Eirikur Olafsson went to Iceland to serve as a missionary for The Church of Jesus Christ of Latter-day Saint in 1882. His service as a missionary was not the same as that of others who had served as missionaries in Iceland. In 1882 Eirikur reported that his name was called as a missionary in the spring conference in 1882. When he arrived in Salt Lake City he received no letter of appointment and was not set apart like other missionaries, nor did he receive the priesthood, which is given to missionaries before they depart. He felt impressed to go to Iceland and do missionary work without the proper authority.
Eirikur Olafsson went to Iceland with missionaries Elders Gisli Einasson (Bjarnason) and Peter Valgardsson. Eirikur was ordained an elder by Elder Gisli Einasson 7 June 1883, according to instructions received from the president of the Scandinavian Mission. He later apostatized.
Eirikur had written a book before returning to Iceland with the missionaries. The book served as a witness for truth and explained the errors of men by means of quotations from the Bible. Eirikur had one thousand copies of his book printed in Copenhagen, Denmark at his own expense of sixty dollars. He sold his books in districts in Iceland that had not been previously visited by Mormon missionaries. When he arrived in Reykjavik he had problems with the local authorities. He conversed with many priests in Iceland about religious topics. They differed much in their conception, and some became very angry with him, while others acknowledged that the Mormon doctrine was right and said they would be baptized as soon as the bishop would. He visited with hundreds of families and conversed with thousands of people concerning the truth and the commandments of God. Many acknowledged that the Mormon doctrines were true, but at the same time believed that their doctrines were good enough to save them.

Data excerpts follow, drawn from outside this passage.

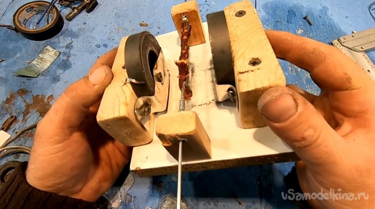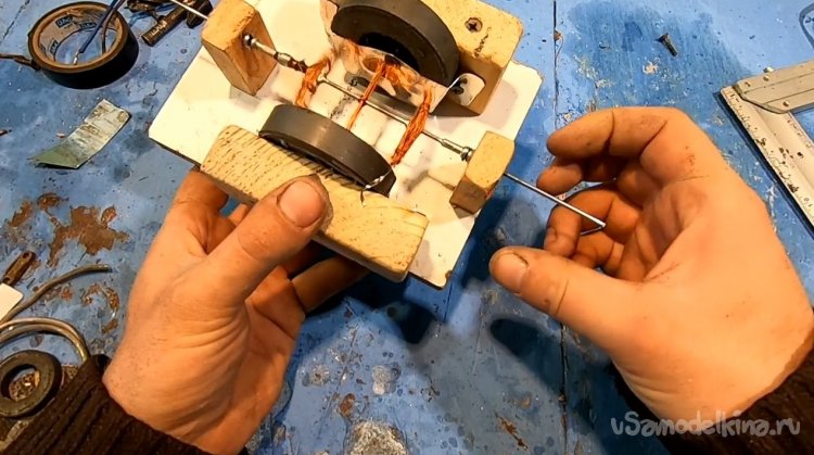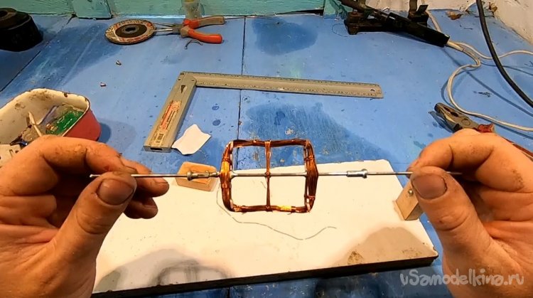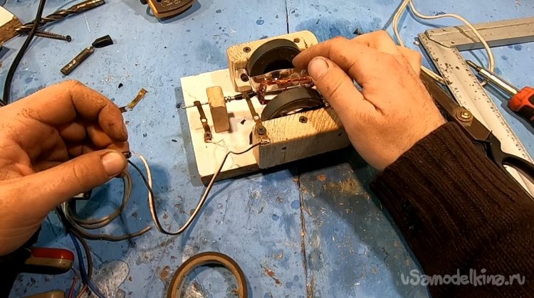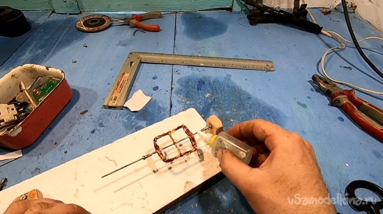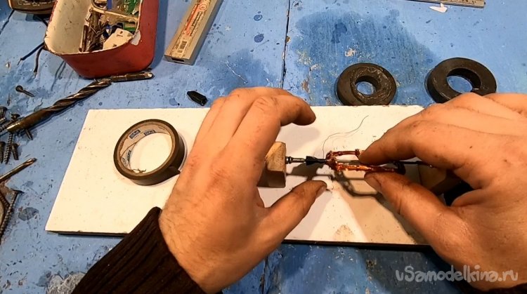 Катушку укрепляем тем же проводом, приматываем к основе, а также стягиваем между собой. Если этого не сделать, при высоких оборотах обмотку растреплет центробежная сила.
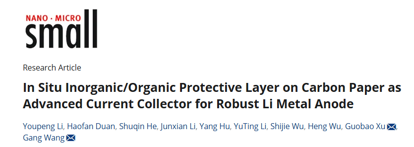 近日,taptap能源与汽车工程学院联合湘潭大学在国际知名期刊《Small》(影响因子13.0,JCR Q1 TOP期刊)发表了题为《In Situ Inorganic/Organic Protective Layer on Carbon Paper as Advanced Current Collector for Robust Li Metal Anode》的研究论文。taptap为论文的第一单位,taptap李友朋副教授(博士)为论文的第一作者,学生黎晓琳参与该项研究工作。该成果得到了国家自然科学基金,广东省自然科学基金和广东省教育厅专项的支持。
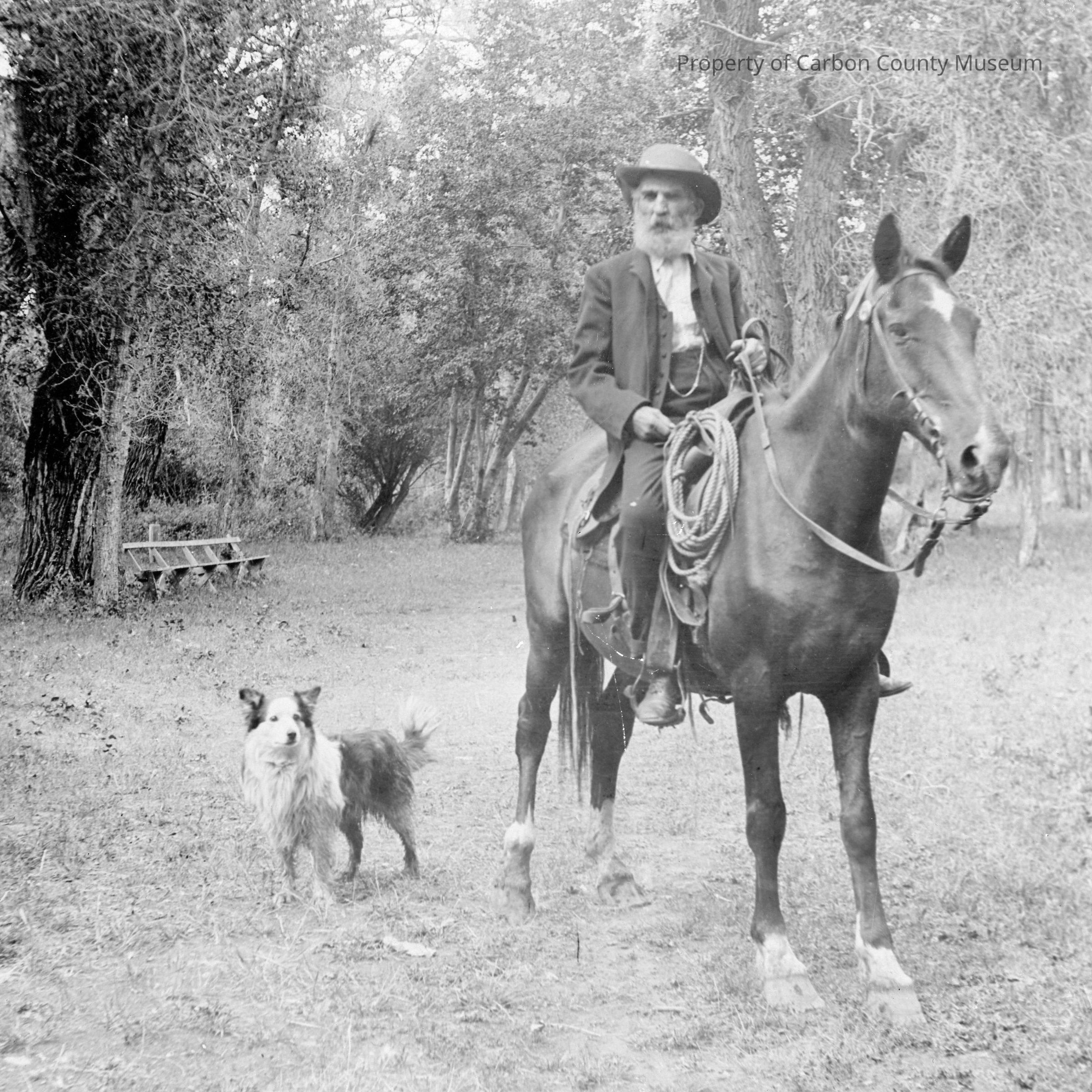 Update February 2011: Black & white print on light grey mat. Image of an elderly man on a horse. The man is wearing a dark three piece suit with vest unbuttoned. A watch chain hangs from vest. He has a hat on, a full grey mustache & beard & holds the reins from the horse's bridle in his left hand. The horse is saddled & a rope is coiled & tied to the saddle. A white & black dog is standing on the ground beside the horse. Tall trees are in the background.

He returned to Spanish Fork, Utah in 1883, where he remained for ten years. He then sold his home and went to visit his son Sveinn, in Independence, Missouri. Eirikur lived with him for a year and then went to Canada. He returned to Iceland and married Gudfinna Saemundsdottir, born 2 October 1865; her parents are Saemundur Jonsson, born 13 June 1829, died 13 November 1906; and Gudfinna Jonsdottir, born 8 June 1824, died 8 August 1878. It is said that when Eirikur married Gudfinna, he wanted a Mormon marriage, as he held the highest office in The Church of Jesus Christ of Latter-day Saints in Iceland at that time. He performed his own marriage ceremony before three witnesses. There was such uproar over it, he wrote to the King of Denmark, telling him of the circumstance. The King sent back his approval of the marriage. A circular was printed with this sanction on it and delivered with the morning paper.
Eirikur later apostiziesed from the Mormon Faith and published another book, tearing to pieces all that he had written and published the first time. The books written by Eirikur were used as research by Halldor Laxness when he wrote Paradise Reclaimed in 1960. Eirikur was one of the characters the novel.
Eirikur was generally known as Eirikur from Brunum. Eirikur died in Iceland 14 October 1900 in Reykjavik. He is number 291 in Icelanders of Utah.